The capital that would otherwise be eager to fund the GSHP buildout — at scale — cannot deploy, because the asset is not bankable. Geothermal as a Service models, third-party-owned thermal utilities, energy-as-a-service contracts, green bonds tied to thermal infrastructure — all require the documentation layer to exist before the financial layer can be built on top.

The reason geothermal has not scaled the way solar PV has, despite the engineering being better understood in many ways, is that solar PV is documented, metered, and transferable from the first day of operation. Every panel has a serial number. Every inverter reports to a monitoring platform. Every PPA has a measurable performance baseline. The borefield has none of those things.

The structural blocker on geothermal at scale is documentation. The asset class does not yet exist as an asset class because the records that would constitute the asset class do not yet exist.

What the Standards Already Say

ISO 55000 / 55001 / 55002 codifies what asset management looks like. ISO 41001 codifies what facility management looks like. ISO 19650 codifies what BIM-based lifecycle handover looks like. COBie codifies what data the contractor must hand to the owner at substantial completion. The four standards together describe a closed loop: the construction record becomes the operating record becomes the disposition record becomes the underwriting record.

For every other major component in the building above the borefield, that loop is closed by default.
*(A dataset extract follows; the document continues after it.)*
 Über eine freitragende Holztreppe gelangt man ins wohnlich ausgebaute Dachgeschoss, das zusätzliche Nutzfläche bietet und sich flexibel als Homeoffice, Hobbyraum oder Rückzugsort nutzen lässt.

For the borefield, the loop has never been closed because the construction record does not generate the data the operating record needs.

C449, the bore-construction standard now being drafted, is the document that closes the loop on the construction-record side. It defines what data a contractor must generate for each bore, in what format, with what verification, and in what handover package. Once C449 is adopted by reference into building codes, LEED submissions, procurement specifications, and insurance underwriting, the construction record will exist for the borefield the same way it exists for the chiller plant. The asset becomes warrantable. The carrier prices the risk. The pension fund underwrites the deal. The capital that has been waiting on the asset class arrives.
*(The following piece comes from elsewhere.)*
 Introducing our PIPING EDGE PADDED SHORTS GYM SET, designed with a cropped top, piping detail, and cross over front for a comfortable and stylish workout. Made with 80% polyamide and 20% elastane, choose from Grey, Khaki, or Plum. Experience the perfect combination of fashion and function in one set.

What That Means for Both Readers

Walt drives past eight thousand tagged assets on a Tuesday. The single largest asset on his campus has none. Until that asymmetry is closed, the borefield is a maintenance burden in the present, an insurance liability in the medium term, a write-off at disposition, and an asset class that capital markets will not enter at the scale the energy transition requires.

The institutional buyer asks: what do I do with the borefield I already own? The answer is to retrofit the lifecycle record, today, against the bores that are already in the ground. The records can still be reconstructed for many of them — for some, only partially, but partial is closer to bankable than nothing. The cost of reconstruction is dwarfed by the cost of the borefield being treated as a write-off in five, ten, or twenty years.
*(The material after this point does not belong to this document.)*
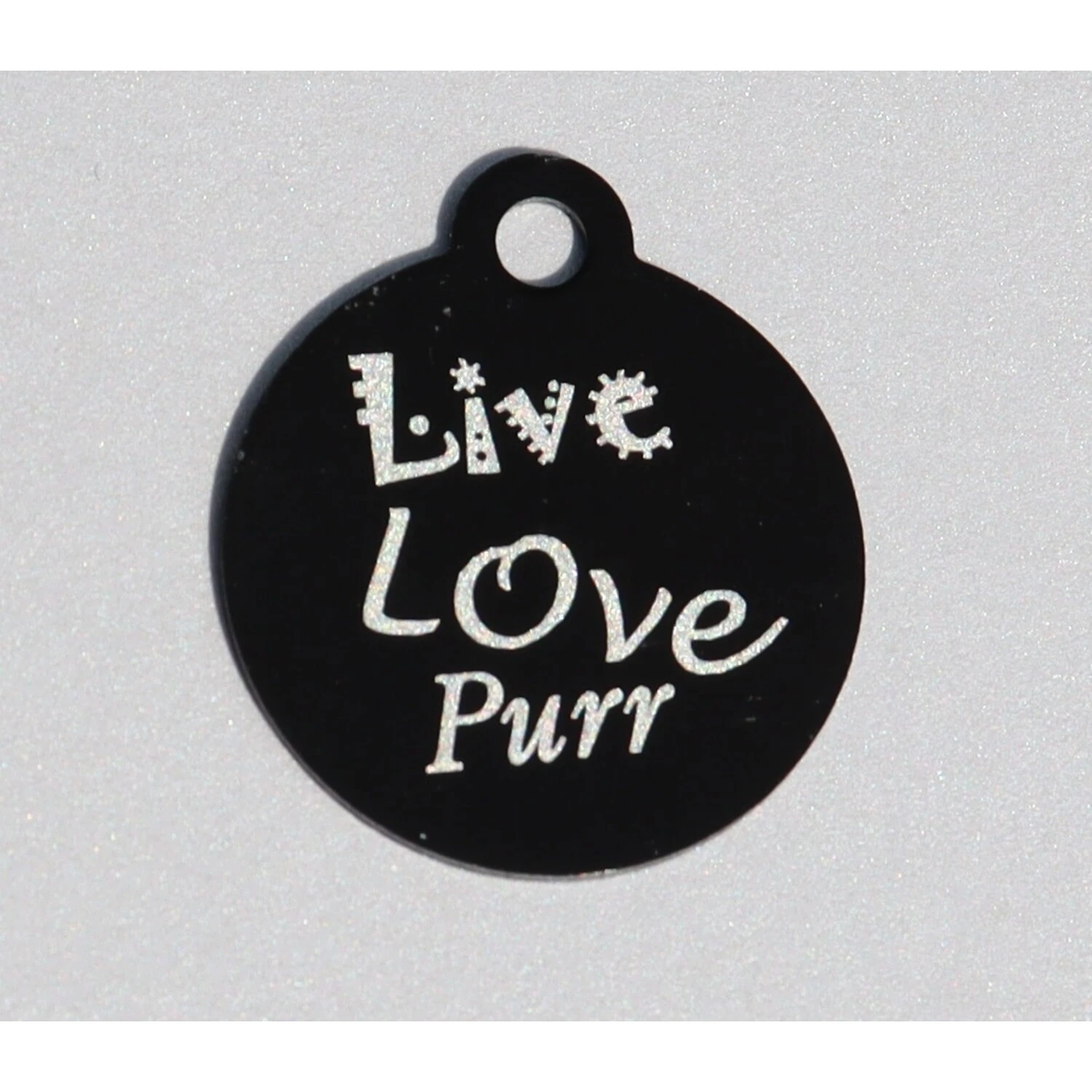 Kleur: Zwarte achtergrond met witte tekst: Live Love Purr erop

The infrastructure investor asks: when does this asset class become deployable? The answer is when the construction record becomes a standard handover, the operating record becomes a continuous data stream, and the disposition record becomes a transferable asset history. C449 closes the construction-record gap. The platform that turns each bore into a digital twin closes the operating-record gap. The two together turn the borefield into something the carrier can underwrite and the fund can finance.

Walt walks past eight thousand assets that can be warranted. He drives over the one that cannot.

The fix is the standard, the platform, and the discipline of treating the bore the way every other asset in the project is already treated.